** WHAT THE TASK REQUIRES **
You are asked to repeat the listing word for word and to leave out its pictures.

** DATASET EXTRACT **
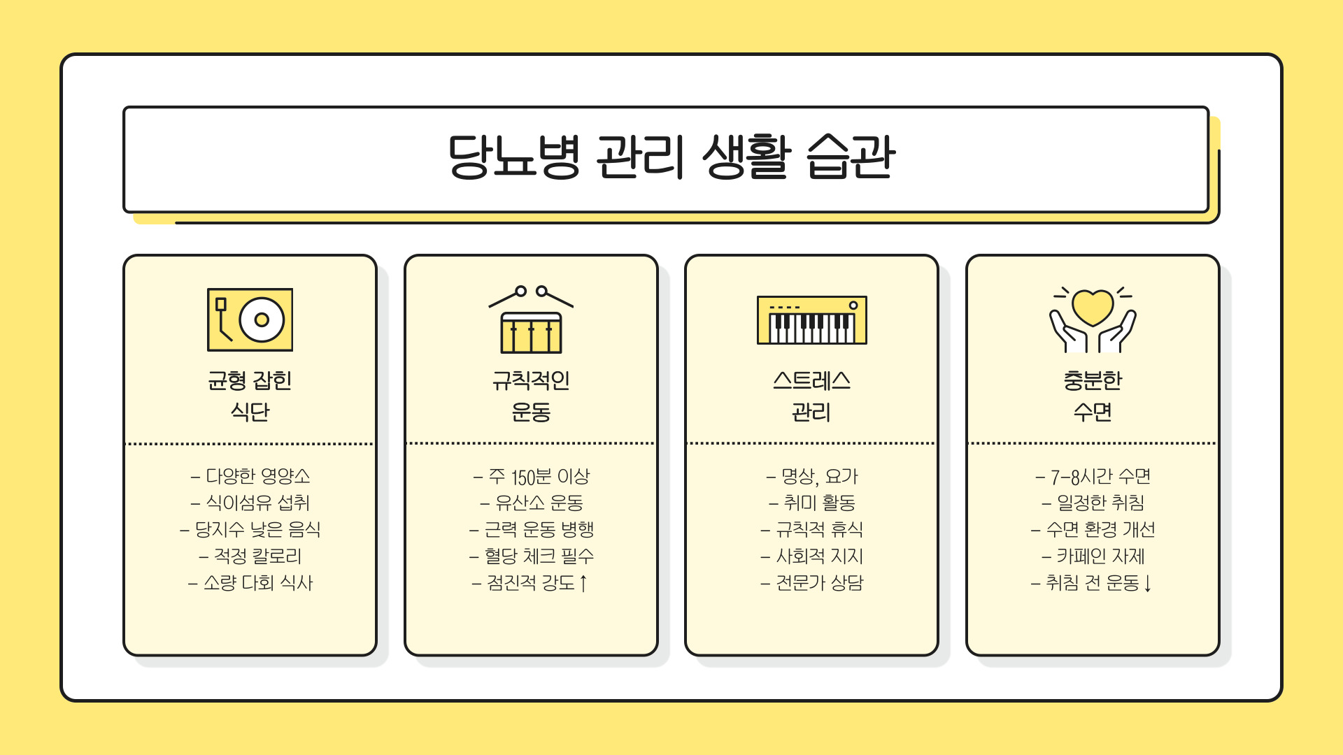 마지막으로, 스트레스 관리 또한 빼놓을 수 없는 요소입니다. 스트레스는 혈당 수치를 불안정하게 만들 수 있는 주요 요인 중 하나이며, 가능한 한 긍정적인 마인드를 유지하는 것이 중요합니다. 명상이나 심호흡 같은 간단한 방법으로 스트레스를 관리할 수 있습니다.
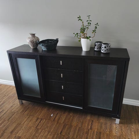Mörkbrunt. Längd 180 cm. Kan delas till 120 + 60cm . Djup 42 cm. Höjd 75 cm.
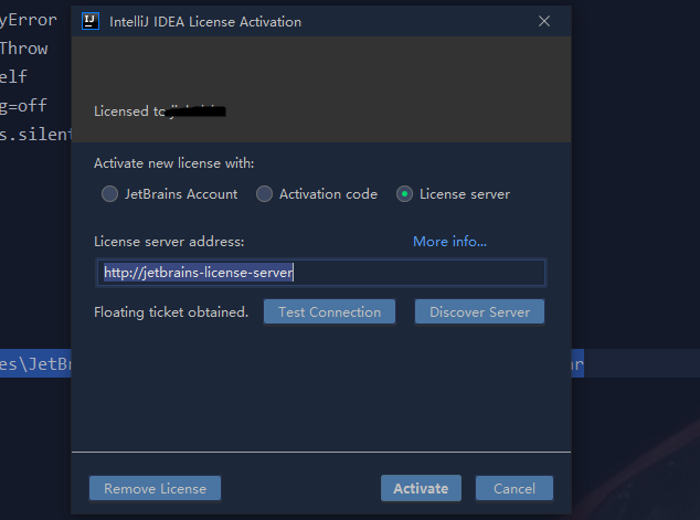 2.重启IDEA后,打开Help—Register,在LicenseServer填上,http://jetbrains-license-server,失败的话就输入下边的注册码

** TASK SOLUTION **
 마지막으로, 스트레스 관리 또한 빼놓을 수 없는 요소입니다. 스트레스는 혈당 수치를 불안정하게 만들 수 있는 주요 요인 중 하나이며, 가능한 한 긍정적인 마인드를 유지하는 것이 중요합니다. 명상이나 심호흡 같은 간단한 방법으로 스트레스를 관리할 수 있습니다.
Mörkbrunt. Längd 180 cm. Kan delas till 120 + 60cm . Djup 42 cm. Höjd 75 cm.
 2.重启IDEA后,打开Help—Register,在LicenseServer填上,http://jetbrains-license-server,失败的话就输入下边的注册码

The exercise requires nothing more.